Dans l’univers chrétien en France de nombreux petits  groupes se réunissent régulièrement. Les objectifs sont divers et les manières différentes, mais c’est à chaque fois une façon de faire église.Voici l’exemple, à Nevers, d’une communauté de réflexion et de partage dans la mouvance des groupes FOI.

Qu’est-ce qu’un groupe FOI ?

FOI (Fraternité Œcuménique Internationale) ou Net for God est un réseau international initié par la Communauté du Chemin Neuf et inspiré par la vision de l’abbé Paul Couturier. L’appellation Net For God s’inspire de l’image du filet du pêcheur dans l’Evangile de Luc au chapitre 5. Travailler à la paix et l’unité entre les Eglises et les cultures est l’objectif principal de ce réseau.

“Que tous soient un… afin que le monde croie que tu m’as envoyé.” (Jean 17, 21)

Le réseau a été lancé en 2000, à l’occasion des Journées Mondiales de la Jeunesse à Rome, pour proposer aux jeunes de prier et s’engager pour la paix et l’unité. Lors du Festival International, un jeune homme du Burundi a posé cette question : «Ici, il nous est possible d’être ensemble entre Tutsis et Hutus, parce que nous pouvons prier et partager ensemble dans un esprit de paix et de réconciliation. Comment continuer ainsi quand nous rentrerons chez nous ? » En réponse à cette question, la Communauté du Chemin Neuf  produit un premier film, comme un outil pour susciter unité et fraternité.

Ainsi chaque mois, un film de 30 minutes est envoyé à sept cent groupes FOI, dont celui de NEVERS, qui se rassemblent dans soixante-cinq pays en un réseau de formation, de prière et de partage.

Quel a été le développement du groupe  de Nevers au fil des années et comment fonctionne t-il actuellement ?

A Nevers, depuis son début, la soirée FOI regroupe chaque mois entre 10 et 20 personnes, selon les disponibilités de chacun. En phase avec la vocation œcuménique qui caractérise la Communauté du Chemin Neuf, l’origine ecclésiale des participants est diverse ; la rencontre mensuelle regroupe ainsi des catholiques, protestants réformés, évangéliques, voire des personnes en recherche dont quelques adolescents accompagnant leurs parents.
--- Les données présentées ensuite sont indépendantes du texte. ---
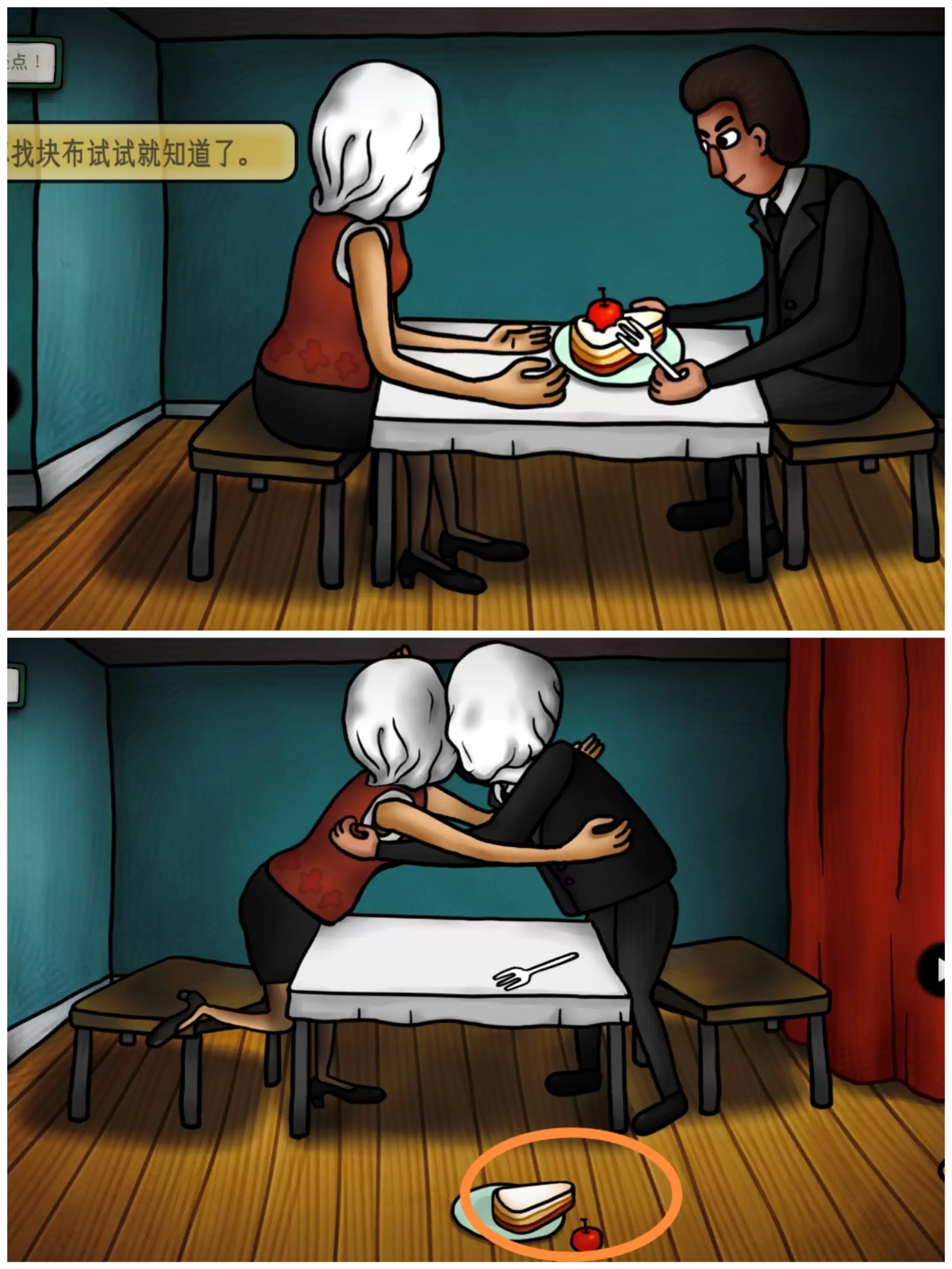 回到刚才的男女场景里,点击男女对话提示需要找来一块布,将白布盖在男人的头上,桌子上的蛋糕掉在地上,捡起蛋糕上掉下来的樱桃。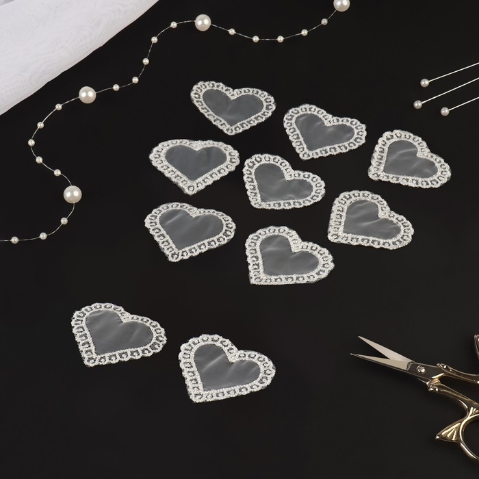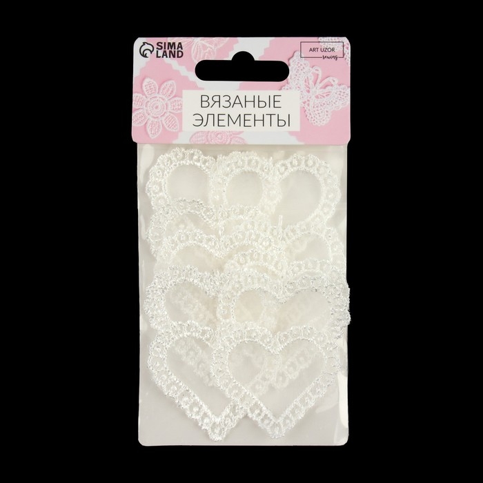 Вязаные элементы «Сердце», 4 × 4,5 см, 10 шт, цвет белый

Au fil des années il est à remarquer la permanence de participation de la plupart, ce qui laisse supposer que FOI est dune proposition en phase avec des attentes fortement ressenties et orientées vers l’enseignement et la relation fraternelle.

 

Quels sont les contenus de ces rencontres (par exemple la dernière année…) : vidéos et questions posées

Depuis le début de l’année 2018 quatre enseignements (films) ont été proposés ;

  • un premier nous fait pénétrer dans le vécu, par un couple, d’une passion, celle du théâtre comme un lieu de rencontre et de partage avec la pauvreté et la fragilité.
  • Dans un second, deux théologiens catholiques, Mary Healy et Etienne Vetö, nous permettent de mieux comprendre les dimensions biblique, théologique et spirituelle de la délivrance et donnent des clés pour entrer dans cette liberté pleine et entière que le Seigneur veut nous donner.
  • Le thème du troisième porte sur le témoignage Martin Luther King ; En quoi, 50 ans après sa mort, est-il plus que jamais un prophète pour notre temps, une figure inspirante partout à travers le monde ?
  • Le quatrième film nous partage l’engagement d’une association « Le triomphe du cœur » qui depuis plus de 25 ans, a envoyé 2400 camions d’aide humanitaire dans les pays de l’ex-Union Soviétique et soutient quotidiennement des enfants, des personnes âgées et pauvres dans ces pays.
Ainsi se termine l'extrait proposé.